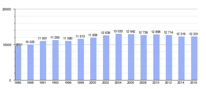 | Gráfica de evolución demográfica de San Juan Bautista entre 1986 y 2016 |
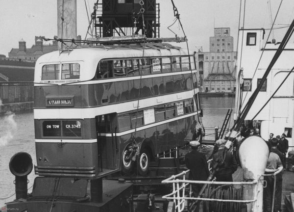Отгрузка троллейбуса English Electric для Москвы в одном из портов Великобритании, 1937 год
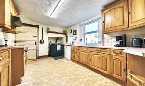 At the rear of the hallway, an inner hall with a gorgeous flagstone floor leads to the snug: a cosy room with a log burner and bay window. Beyond this is the kitchen, which overlooks the garden. Bright and airy, it is fully fitted with a range of wall and floor units, along with an original pine dresser. Appliances include an oil-fired AGA and a separate oven and there is also space for a dishwasher. A latched door leads to the utility room, which offers space for a washing machine and fridge/freezer, together with a walk-in pantry.
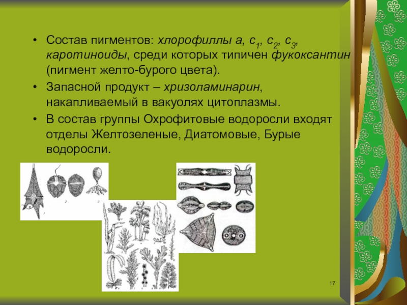 Слайд 17Состав пигментов: хлорофиллы a, c1, c2, c3, каротиноиды, среди которых
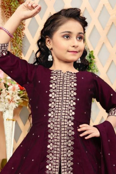 Elegant Wine Colored Embroidery Work Girls Kurti Suit

| Exercise |
Exactly reproduce the lines that run from the first line of the listing above to the line containing "Отгрузка троллейбуса English", including both; omit the pictures.

| Exercise solution |
 | Gráfica de evolución demográfica de San Juan Bautista entre 1986 y 2016 |
Отгрузка троллейбуса English Electric для Москвы в одном из портов Великобритании, 1937 год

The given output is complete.